- [DATA SHOWN]
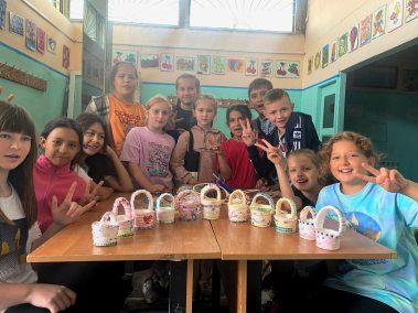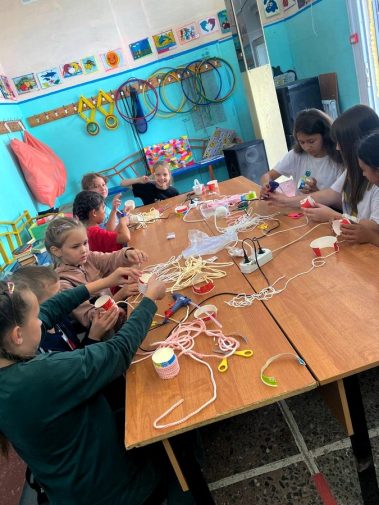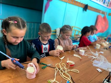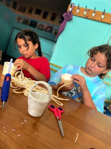 Нам понадобилась бельевая верёвка, стаканчики, клей пистолет, ножницы, украшения и корзиночка для мелочей готова.
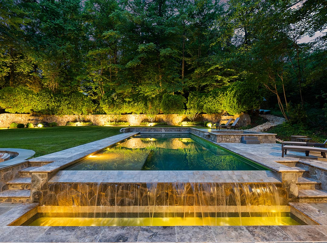 Outdoors, the resort-style backyard is a private oasis featuring a newly installed, heated saltwater infinity-edge pool and spa by Lewis-Aquatec. Lush professional landscaping encircles the garden providing an oasis of outdoor luxury. Additional premium amenities include an oversized, 3-car garage with 2 Tesla chargers, a Generac generator, commercial-grade WiFi, a state-of-the-art security system with cameras, and enhanced exterior lighting. The entire estate is fully fenced and gated. This is a rare, turnkey offering in one of McLean’s most discreet and prestigious enclaves. Completely reimagined and impeccably renovated to the highest modern standards, this estate offers elegance, comfort, and modern technology just minutes from the Nation’s capital.
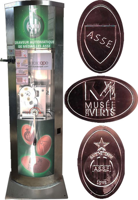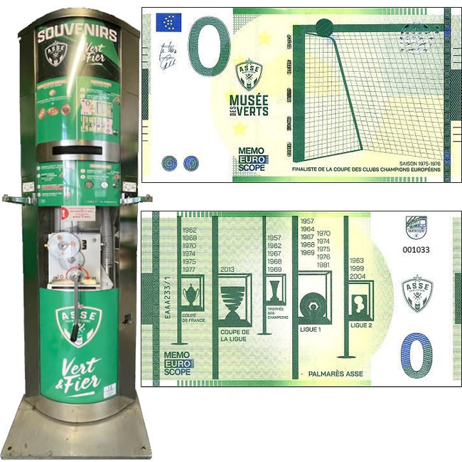 Machine 2 (Placed 7/2023) is a tri-function "penny"/token/"Memoeuro" (souvenir banknote currency replica) machine encased in the same machine. It presses "pennies" OR dispenses a token OR dispenses a Memoeuro. The machine has two coin slots. The machine has a coin slot that only accepts €2 cost for each "penny" (A 2€ coin or two 1€ coins only Machine does not give change). The "penny" will be pressed on a supplied 5 Euro cent. When you insert the coins into the slot for the "penny, wait 5 seconds for the supplied 5 Euro cent to drop into place before cranking the handle. The machine has a second coin slot that only accepts €2 cost for each token OR Memoeuro (A 2€ coin or two 1€ coins only Machine does not give change). Once you insert the coins into the second coin slot, you MUST press the button for token OR the Memoeuro.
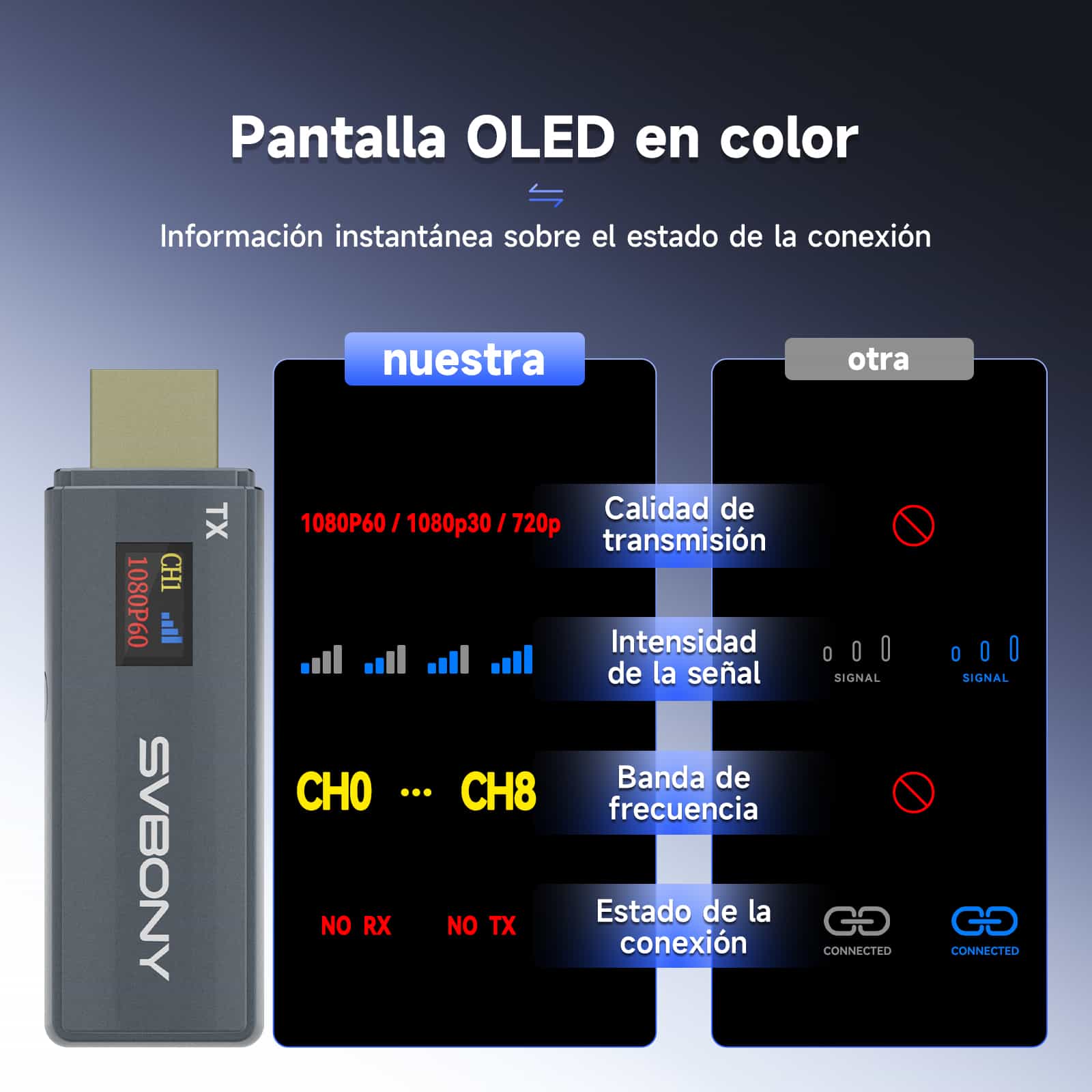 Este extensor HDMI inalámbrico cuenta con una carcasa metálica robusta y duradera, y un diseño elegante y compacto, lo que lo hace fácil de transportar y usar. Conéctese fácilmente con solo presionar un botón, lo que le permite disfrutar de una transmisión inalámbrica de alta calidad en cualquier momento y lugar.

- [WHAT THIS TASK INVOLVES] Set down again, exactly, the lines from the one with "Machine 2 (Placed" to the last line of the data, both included and pictures excluded.

- [OUTPUT FOR THIS TASK]
 Machine 2 (Placed 7/2023) is a tri-function "penny"/token/"Memoeuro" (souvenir banknote currency replica) machine encased in the same machine. It presses "pennies" OR dispenses a token OR dispenses a Memoeuro. The machine has two coin slots. The machine has a coin slot that only accepts €2 cost for each "penny" (A 2€ coin or two 1€ coins only Machine does not give change). The "penny" will be pressed on a supplied 5 Euro cent. When you insert the coins into the slot for the "penny, wait 5 seconds for the supplied 5 Euro cent to drop into place before cranking the handle. The machine has a second coin slot that only accepts €2 cost for each token OR Memoeuro (A 2€ coin or two 1€ coins only Machine does not give change). Once you insert the coins into the second coin slot, you MUST press the button for token OR the Memoeuro.
 Este extensor HDMI inalámbrico cuenta con una carcasa metálica robusta y duradera, y un diseño elegante y compacto, lo que lo hace fácil de transportar y usar. Conéctese fácilmente con solo presionar un botón, lo que le permite disfrutar de una transmisión inalámbrica de alta calidad en cualquier momento y lugar.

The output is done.